I've also watched as Twestivals took over the "airwaves." What is a twestival? It is a gathering of people, most of whom have met through twitter, to have fun and raise money for a charitable organization (charity:water). What is different about twestivals from every other fundraiser? How about the fact that more than 100 such gatherings are being planned, in 100+ cities around the world, all for one organization, all through the power of twitter. All the work is done by volunteers, all the money goes to charity:water projects. You can participate in person or online. You can donate, publicize, organize, attend or all of the above.

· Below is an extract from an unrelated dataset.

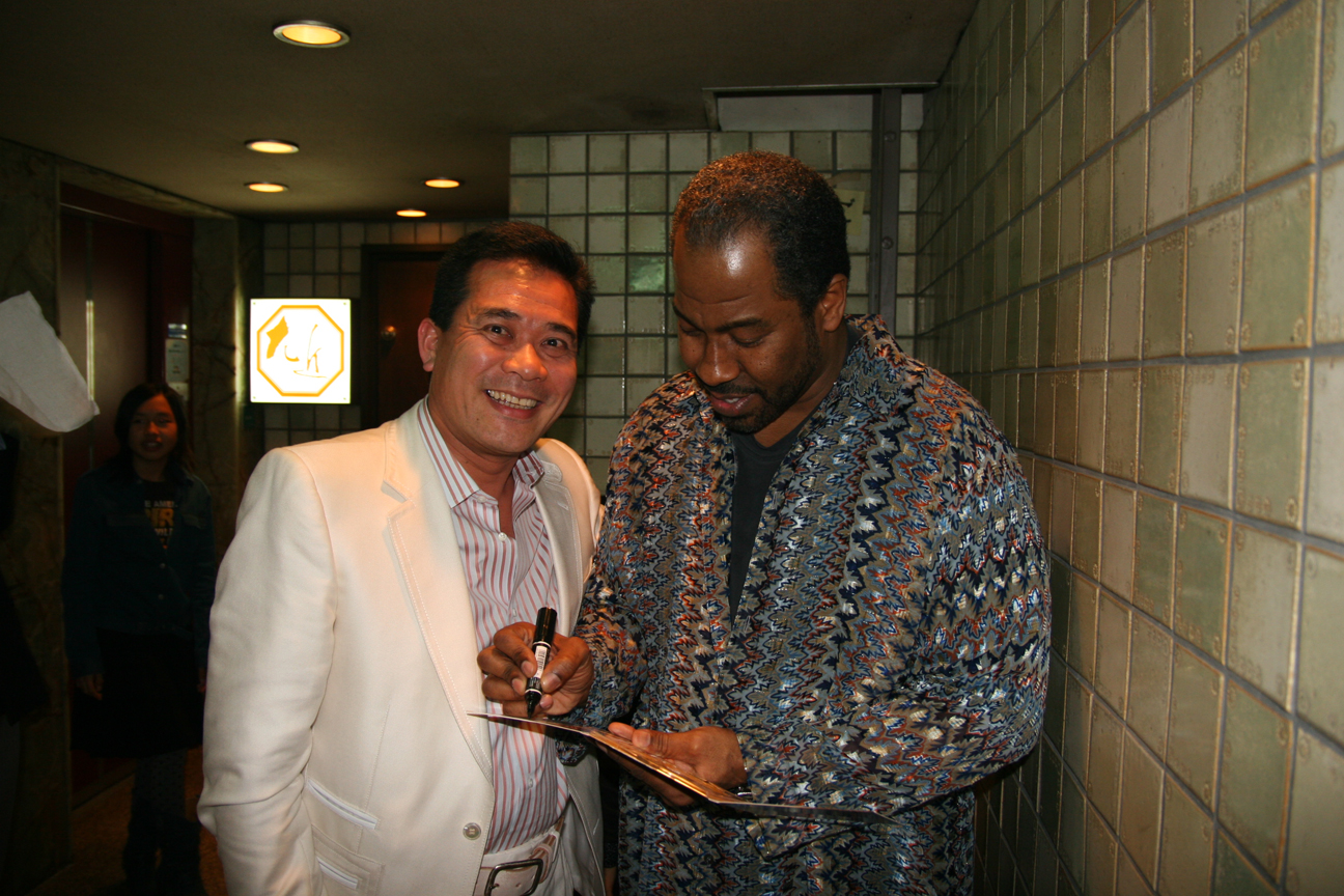Clifton with a fan in japan
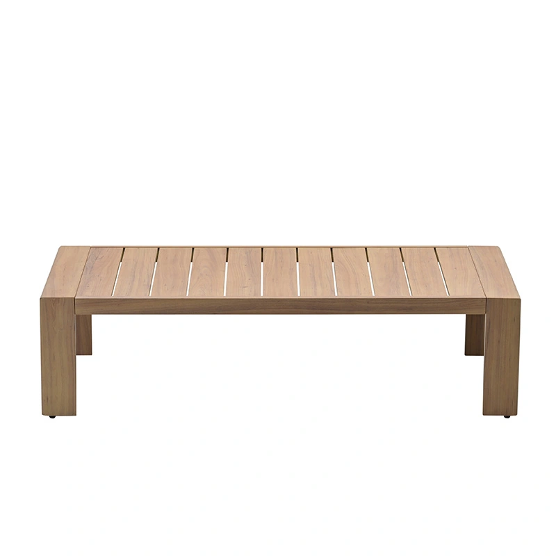 De Chicago salontafel is gemaakt van aluminium met een teaklook. Het materiaal geeft de tafel de warme uitstraling van hout, maar met het gemak en de duurzaamheid van aluminium.

Why is this noteworthy? Maybe it isn't. Early adopters of twitter** won't find any path breaking insights in this post. But I've found twitter to be a remarkable source of self-selected, customized-to-me news. My twitter feed is like my very own stock ticker. The conversations are useful, archivable, inclusive, and funny. They also serve as sort of a weft to other media and conversations - pointing to interesting blogs, flagging people and thinkers with ideas worth considering, indicating interesting ideas as certain tags and content wax or wane in attention.

What will it mean for philanthropy? Twestival shows how quickly adopters will push to a new horizon for fundraising. The twitter model offers a new way to organize activists, donors, supporters, protesters. The very idea of transparency takes on a degree of new meaning - every conversation you have may be "tweeted" with or without your knowledge - how will you handle that? What does it mean for your organization, your foundation, your communications department, your message?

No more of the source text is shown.